#### Task brief
It is required that the lines from the top of the listing through the line with "He has not been found to have seizures." be reproduced exactly, excluding pictures.

#### Data block
───

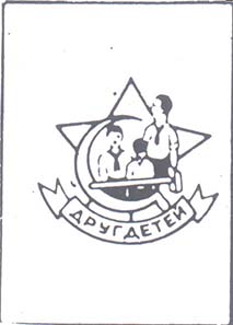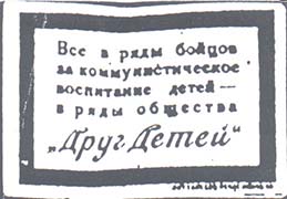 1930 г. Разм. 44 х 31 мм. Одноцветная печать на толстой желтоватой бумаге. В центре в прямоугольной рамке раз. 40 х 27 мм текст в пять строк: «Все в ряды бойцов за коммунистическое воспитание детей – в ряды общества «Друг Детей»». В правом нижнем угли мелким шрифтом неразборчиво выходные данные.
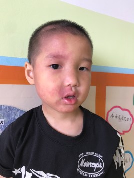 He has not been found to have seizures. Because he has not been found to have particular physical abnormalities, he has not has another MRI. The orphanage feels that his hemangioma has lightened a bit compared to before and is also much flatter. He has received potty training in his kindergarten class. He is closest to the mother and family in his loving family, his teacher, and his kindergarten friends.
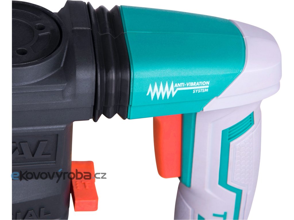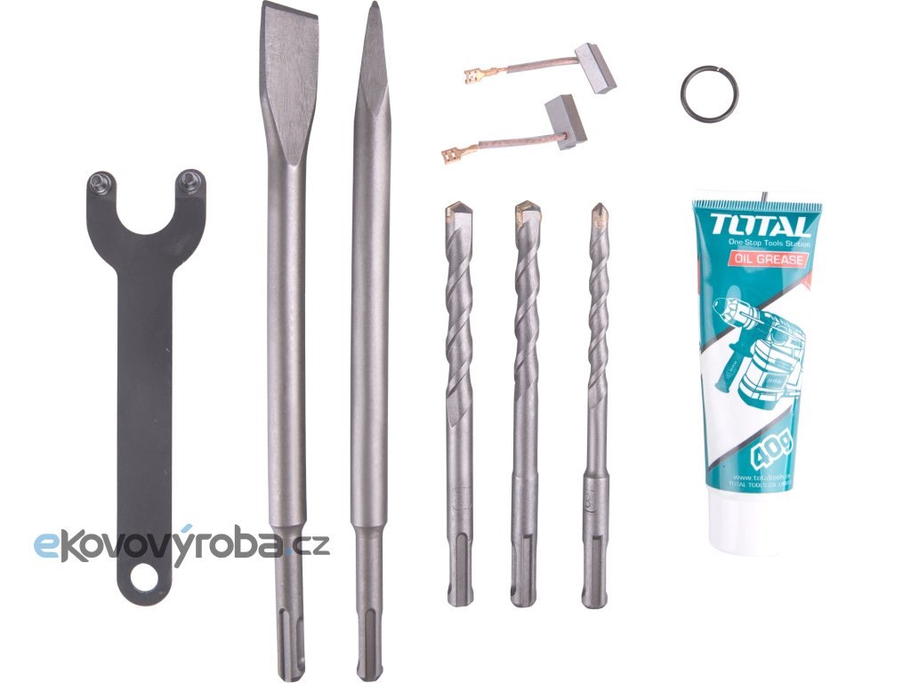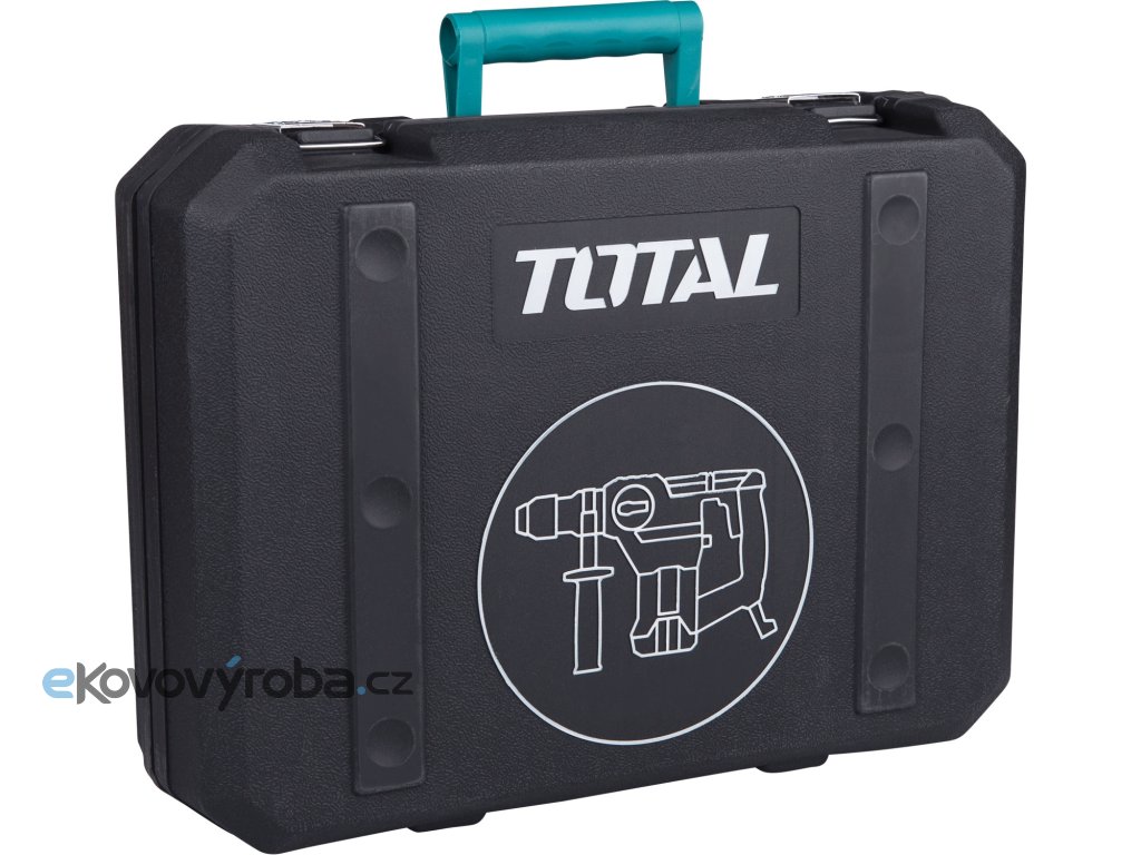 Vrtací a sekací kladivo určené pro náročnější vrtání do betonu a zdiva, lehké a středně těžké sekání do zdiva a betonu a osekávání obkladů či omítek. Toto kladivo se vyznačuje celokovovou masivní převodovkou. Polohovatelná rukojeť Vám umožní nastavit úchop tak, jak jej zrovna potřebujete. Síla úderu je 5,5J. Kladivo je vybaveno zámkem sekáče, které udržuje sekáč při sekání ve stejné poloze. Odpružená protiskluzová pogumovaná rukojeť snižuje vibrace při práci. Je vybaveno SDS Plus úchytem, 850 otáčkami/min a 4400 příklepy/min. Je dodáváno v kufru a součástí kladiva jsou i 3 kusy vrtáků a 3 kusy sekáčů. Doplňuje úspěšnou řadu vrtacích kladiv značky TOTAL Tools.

───

#### Result of the task
 1930 г. Разм. 44 х 31 мм. Одноцветная печать на толстой желтоватой бумаге. В центре в прямоугольной рамке раз. 40 х 27 мм текст в пять строк: «Все в ряды бойцов за коммунистическое воспитание детей – в ряды общества «Друг Детей»». В правом нижнем угли мелким шрифтом неразборчиво выходные данные.
 He has not been found to have seizures. Because he has not been found to have particular physical abnormalities, he has not has another MRI. The orphanage feels that his hemangioma has lightened a bit compared to before and is also much flatter. He has received potty training in his kindergarten class. He is closest to the mother and family in his loving family, his teacher, and his kindergarten friends.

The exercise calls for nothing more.